On the day of operation, each patient got only a local anesthetic, an injection of procaine hydrochloride into the scalp. Then, with a drill and saw, Dr. Meyers removed a piece of the skull, four by five inches. Ultrasound cannot be transmitted through bone because on meeting such resistance it generates too much heat. With the skull flap out of the way, the surgeons made a shallow pan in its place, using a metal strip as border and the dura mater (the brain’s parchment-like covering) as the bottom. This they filled with salt solution from which all gas had been removed (ultrasound is transmitted best through a liquid medium).

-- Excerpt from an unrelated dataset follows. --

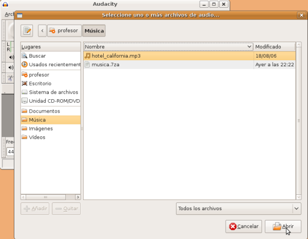 Navegamos hasta la carpeta donde tenemos el archivo (en nuestro caso la carpeta Música del directorio personal del profesor), lo seleccionamos y pulsamos el botón Abrir.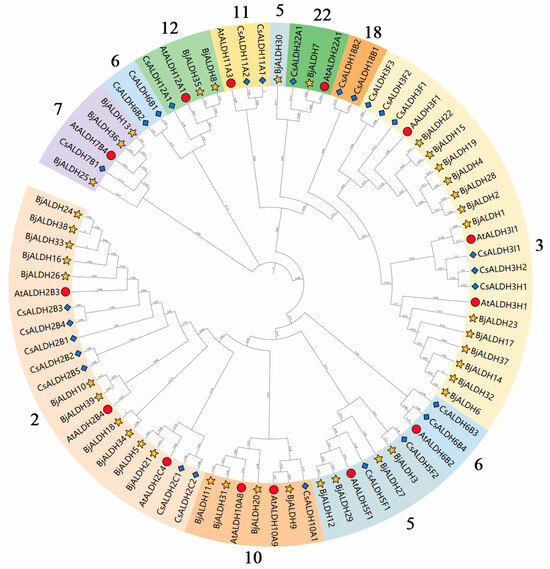 The phylogenetic tree of the ALDH proteins from A. thaliana (At), C. sinensis (Cs), and B. juncea (Bj). Different colors represent different subfamilies, numbers represent the numbering of each subfamilies, yellow stars represent ALDHs from Bj, red circles represent ALDHs from At, and blue diamonds represent ALDHs from Cs.

A Quick Pose. With the patient’s head in the exact position of the day before (determined by the pins and coordinates and another X ray as a double check), the four-part head of the quartz-crystal, ultrasound irradiator was lowered into the pan. While the patient remained fully conscious, no more distressed than he would have been in a dentist’s chair, and talked occasionally, Dr. Meyers gave the ‘signal and a technician pressed a button. Ultrasound, at a frequency of 980,000 cycles per second, shot through intervening brain tissues but not in sufficient intensity to damage them. The four beams came to a sharp focus at the exact part of the ansa lenticularis on the left side (controlling right-side movements) that Dr. Meyers wanted to destroy. The ultrasound dose lasted only 1.8 seconds. The patient was moved twice, a minute fraction of an inch, so that two more pinhead-size parts of the ansa lenticularis were destroyed.
The salt pan was removed and the bone flap replaced. (It would grow back solidly into the skull in three or four weeks.) By the time the patient was wheeled back to his room, the uncontrollable tremor, the involuntary bending of the arm and turning in of the thumb on the right side had disappeared. In a few months, both patients will return to Iowa City for treatment of the ansa lenticularis on the right, to halt the Parkinsonian movements of their left sides.
*Dogs can hear tones up to 40.000 cycles (hence the “silent whistle” dog call), bats up to 100.000.
* So called because James Parkinson described it in 1817.